Die Verurteilung von Herrn Folkerts wegen der Schüsse auf Generalbundesanwalt Buback käme in Betracht.

Welche Konsequenzen fordern Sie?

Ich werde beantragen, die neuen Erkenntnisse zur RAF im Parlamentarischen Kontrollgremium auf die Tagesordnung zu setzen. Wir müssen klären, wer damals von den brisanten Aussagen gewusst hat und was diese Personen mit den Informationen gemacht haben.

Und diese Personen müssten dann zurücktreten?

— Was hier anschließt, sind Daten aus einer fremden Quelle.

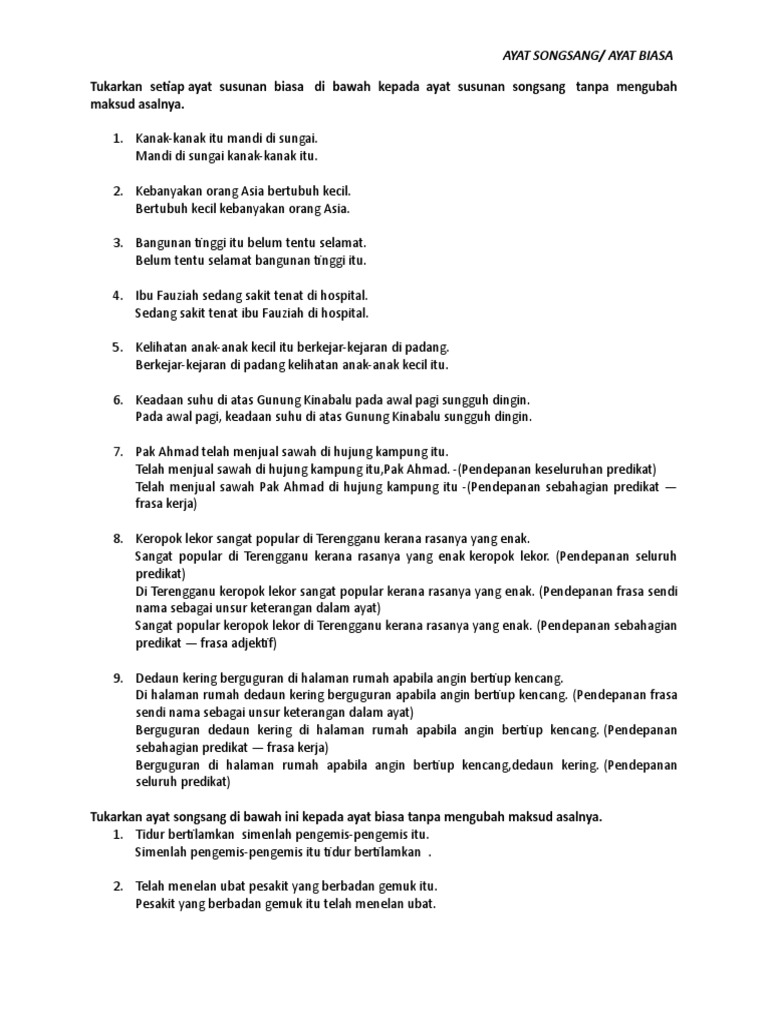 Ayat Songsang Kepada Ayat Biasa Spm

Viele der handelnden Personen sind vermutlich gar nicht mehr im Amt. Die Fakten können trotzdem vielfach von Bedeutung sein. Möglicherweise müssen die Richtlinien geändert werden, nach denen in solchen Fällen vorgegangen wird.

Gilt in Deutschland nicht das Prinzip der strikten Trennung von Verfassungsschutz und Polizei?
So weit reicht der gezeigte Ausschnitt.